Michael O'Malley, Associate Professor of History and Art History, George Mason University

Assignment

Background

In this exercise, you will search the "Making of America" database of antebellum journals at the University of Michigan, to discover how Americans thought about sexual equality in the period between 1830 and 1860.

Go to The Making of America. Click on "Other Searches in MoA". Then click on "Proximity" to choose Proximity Search. This allows you to search for three words which appear near each other in the texts in the database. Enter "women" in the first field and "equality" in the second, choose "<120" in the popup and limit date range to 1830-1860. Your page should look like this:

Click "Search." You should come up with 12 records.

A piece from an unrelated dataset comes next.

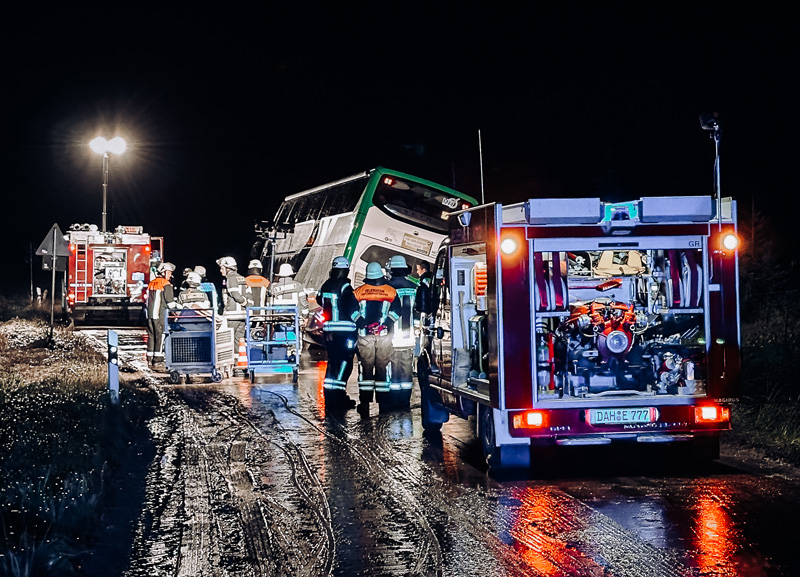 Doppeldeckerbus rutscht bei Unterweikertshofen in den Straßengraben – aufwendiger Einsatz bis in die Morgenstunden

Repeat the search entering "marriage" and "equality" in the two fields--you'll come up with 4 more records.

If you still don't have enough information, enter your own search terms related to women's equality (suffrage or divorce for example) to find more records.

Questions

After you have read the relevant documents that the search turns up, write one page answering two or more of the following questions:

  1. What were the objections to women's legal equality in marriage?
  2. What arguments were made for equality in marriage?
  3. Did Americans in this period want women fully involved in the marketplace, or did they want to shield women from the market?
  4. How were the arguments made? How was "the home" described? How was religion used to justify various positions?
  5. Do any of the arguments look "modern"? Or are they distinctly different from how we might frame such discussions? If so, what is the difference?